This is just a brief note to myself to archive, well, what amounts to a single command that processes an audio file, but to stand as a placeholder for an interesting topic that I know virtually nothing about. 🙂
Here’s the basic idea: Amateur radio SSB communications are limited to narrow bandwidths (around 2.7khz is considered fairly typical). Unlike in conventional recording where fidelity might be desired, what is desired in amateur communications is to maximize the ability for you to understand the voice. Therefore, it’s fairly common for rigs to employ some kind of speech processing circuitry to modify the incoming voice signal to maximize its legibility. Often this is some hardware inside your rig, but it’s not unheard of for this functionality to be provided via software, either running on an embedded processor in your transceiver, or even as an external process running on your computer.
I was interested in trying to sort out what kind of processing was needed. It seemed to me that there were several components.
- Resample the audio down to a lower sample rate (say around 8khz)
- Bandpass filter the audio. My voice is fairly deep, but the frequencies below about 300hz aren’t very important for legibility. Wasting energy by sending them is probably misguided. Similarly for frequencies above 2700Hz or so, not for legibility, but because we don’t want our signals to be wide.
- We want to have some kind of a “noise gate”. Background noise should drop out entirely.

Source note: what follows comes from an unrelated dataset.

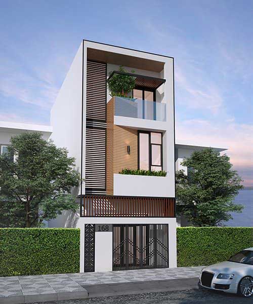 Với thiết kế hiện đại, ngôi nhà khoác lên mình vẻ đẹp sang trọng. Tường ốp giả gỗ nổi bật lên trên nền màu trắng, mục đích của viếc ốp đá giả gỗ là muốn ngôi nhà tăng tính thẩm mĩ, đồng thời khiến tường nhà sạch hơn. Cách thiết kế phần ban công tầng 2 khá độc đáo, 1 bên lõm sâu vào, tạo cảm giác thị giác, bên ngoài tận dụng trồng cây xanh, tăng không gian và giúp hài hòa căn nhà. Trên tầng 3 có bài trí lam gỗ giúp cân chỉnh ngôi nhà và thuận tiện cho việc trồng các loại cây leo.
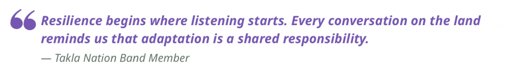 To ensure the work remains transparent and useful, key findings are shared through interactive GIS dashboards, plain-language summaries, and community discussions at Takla Landing. These tools help make science accessible, allowing community members to explore information at their own pace. By creating shared spaces for interpretation and decision-making, the project supports climate adaptation that is grounded in place, strengthened by collaboration, and guided by the principle that resilience grows when people and knowledge systems work together.

- Companding. We want lots of power to be placed in all the places where the noise gate isn’t on.
To prototype this idea, I recorded some audio (on my iPhone, it was convenient):
CQ from K6HX at 44.1Khz, 16 bit stereo sound, no processing…

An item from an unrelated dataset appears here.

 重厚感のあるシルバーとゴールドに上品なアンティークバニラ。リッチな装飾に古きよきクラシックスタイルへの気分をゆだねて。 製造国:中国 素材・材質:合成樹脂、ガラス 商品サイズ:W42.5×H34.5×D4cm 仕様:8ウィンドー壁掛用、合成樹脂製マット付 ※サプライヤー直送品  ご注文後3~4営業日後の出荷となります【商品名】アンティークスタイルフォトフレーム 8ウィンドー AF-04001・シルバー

I then used the audio “swiss army knife”, sox to process this sound using the following command:
sox memo.wav -r 8000 -c 1 compand.wav \
highpass 300 lowpass 2400 \
compand 0.1,0.1 -60,-60,-40,-10,-20,-8,-10,-6,-6,-5,-3,-3 -6 \
The command is a bit cryptic, but here’s the explanation. It specifies the input as being memo.wav, and the output will be compand.wav, resampled to 8khz and only one channel. The rest of the command specifies some processing to be done. The highpass and lowpass commands are there to trim the audio spectrum (I couldn’t remember how to specify bandpass filters with sox, but this works), followed by a “compand” function, which specifies attacks and decays at 0.1 seconds, followed by a list of gains. Each pair specifies an input power in db and an output power. Hence, -60db signals get mapped to -60db, but -40db signals get boosted to -10, -20 to -8, and so on. The overall signal is reduced by six db to avoid clipping. The polyphase command specifies a reasonably high quality rate converter to be used to downsample to 8khz.
And, here’s the resulting voice file:
Same file, K6HX calling CQ, but at 8khz, bandpass filtered and companded
The overall quality seems quite good, the legibility seems high and reasonably free of annoying artifacts. The only problem I see is in the pronunciation of “KAY” in my callsign, we lose most of the explosive sound at the beginning, and it sounds a lot like “AY”. I probably can adjust the attack/delay a bit to help that. I’ll muck with it some more in the future Ultimately my idea would be to implement a simple speech processor like this as a portable stand alone project. Using portaudio it should be very straightforward.